[[ The input, beginning ]]

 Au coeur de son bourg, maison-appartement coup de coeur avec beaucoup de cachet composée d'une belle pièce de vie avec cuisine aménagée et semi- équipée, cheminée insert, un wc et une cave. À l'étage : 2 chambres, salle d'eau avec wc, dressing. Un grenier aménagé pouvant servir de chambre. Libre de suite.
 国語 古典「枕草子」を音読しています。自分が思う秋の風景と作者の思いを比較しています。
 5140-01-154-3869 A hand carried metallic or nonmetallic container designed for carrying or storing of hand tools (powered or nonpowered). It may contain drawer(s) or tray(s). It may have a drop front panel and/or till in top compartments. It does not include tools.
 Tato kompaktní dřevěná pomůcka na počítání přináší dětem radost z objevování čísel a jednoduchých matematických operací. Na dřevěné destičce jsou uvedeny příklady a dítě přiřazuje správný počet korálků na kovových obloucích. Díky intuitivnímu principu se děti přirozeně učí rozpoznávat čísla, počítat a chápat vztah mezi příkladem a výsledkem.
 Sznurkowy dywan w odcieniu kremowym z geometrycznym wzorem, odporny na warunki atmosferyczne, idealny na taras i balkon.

[[ The input, end ]]
[[ The input, beginning ]]

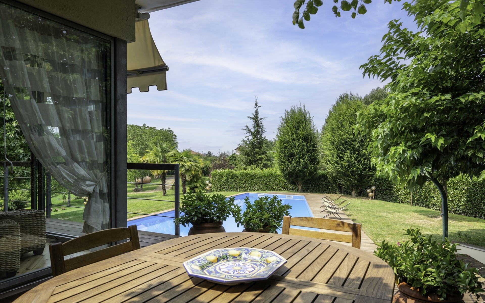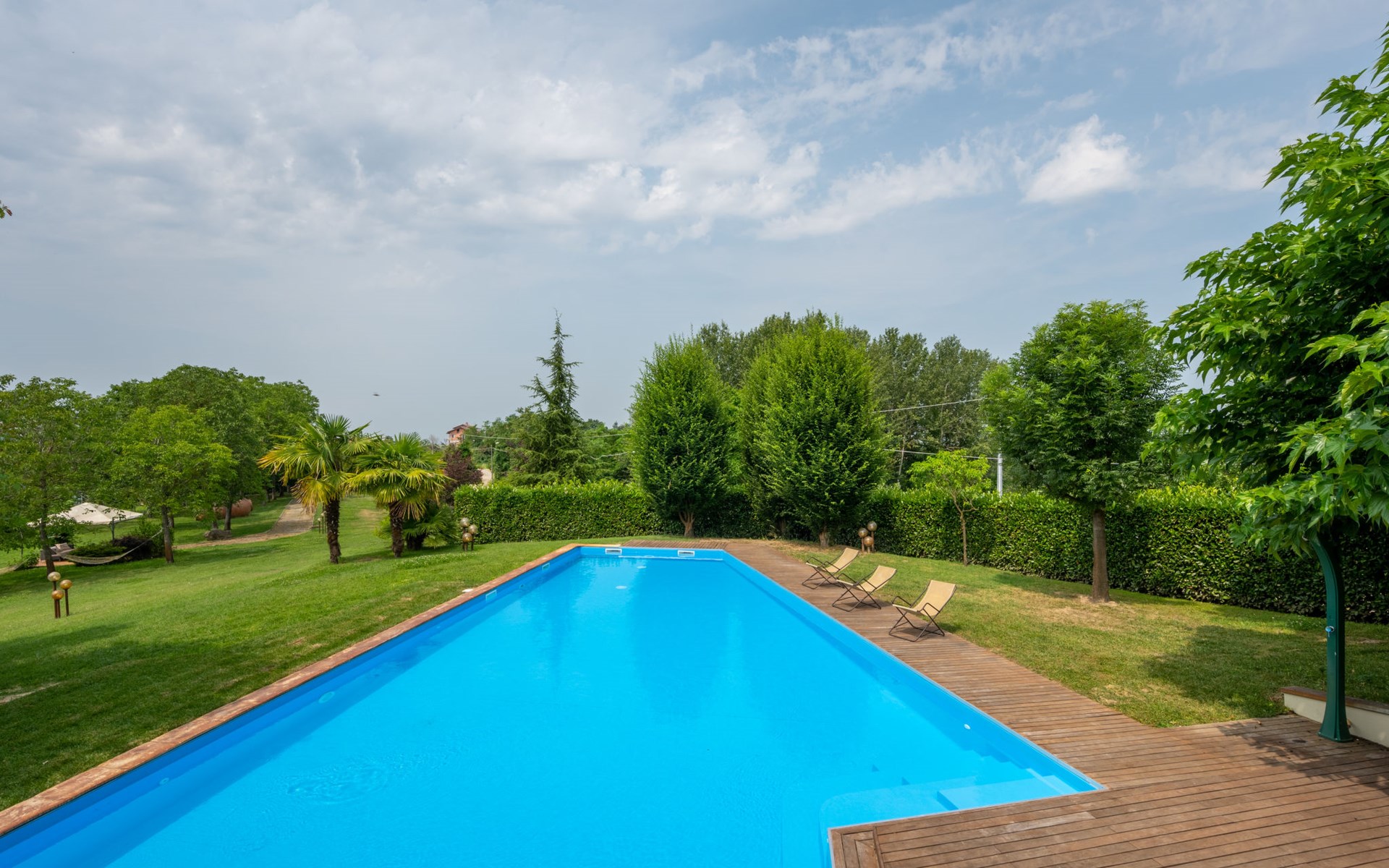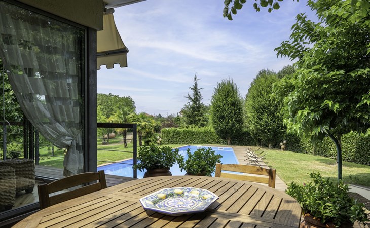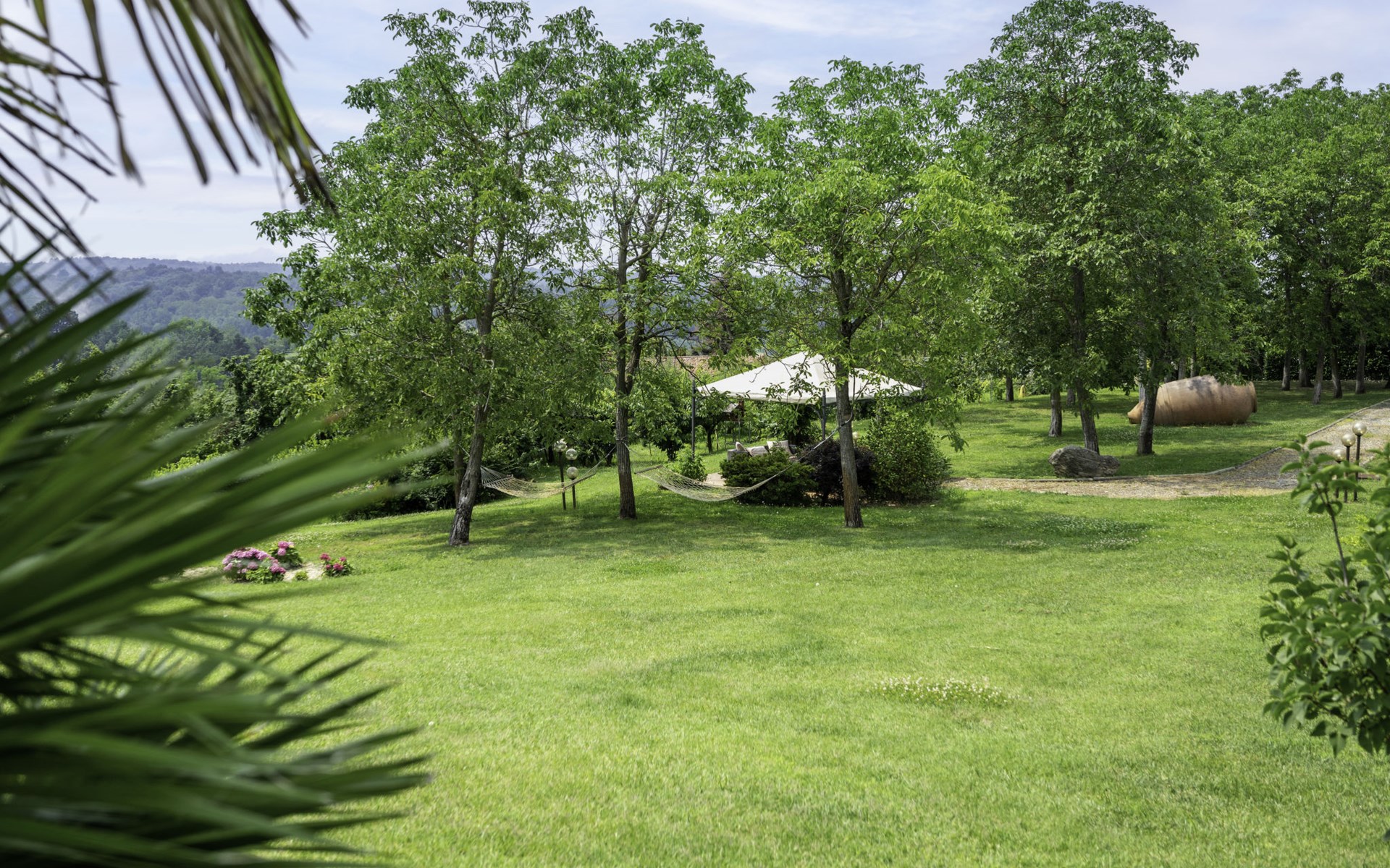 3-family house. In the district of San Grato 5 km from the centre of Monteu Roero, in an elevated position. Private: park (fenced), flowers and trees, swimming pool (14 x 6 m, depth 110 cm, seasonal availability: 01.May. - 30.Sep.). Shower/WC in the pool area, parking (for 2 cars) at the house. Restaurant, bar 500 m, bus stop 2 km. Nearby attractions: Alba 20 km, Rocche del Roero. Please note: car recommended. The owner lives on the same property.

[[ The input, end ]]

• _What to produce_
Produce a word-for-word copy of everything above from the line holding "Au coeur de" down to the line holding "国語 古典「枕草子」を音読し", with both of those lines kept.

• _Problem solution_
 Au coeur de son bourg, maison-appartement coup de coeur avec beaucoup de cachet composée d'une belle pièce de vie avec cuisine aménagée et semi- équipée, cheminée insert, un wc et une cave. À l'étage : 2 chambres, salle d'eau avec wc, dressing. Un grenier aménagé pouvant servir de chambre. Libre de suite.
 国語 古典「枕草子」を音読しています。自分が思う秋の風景と作者の思いを比較しています。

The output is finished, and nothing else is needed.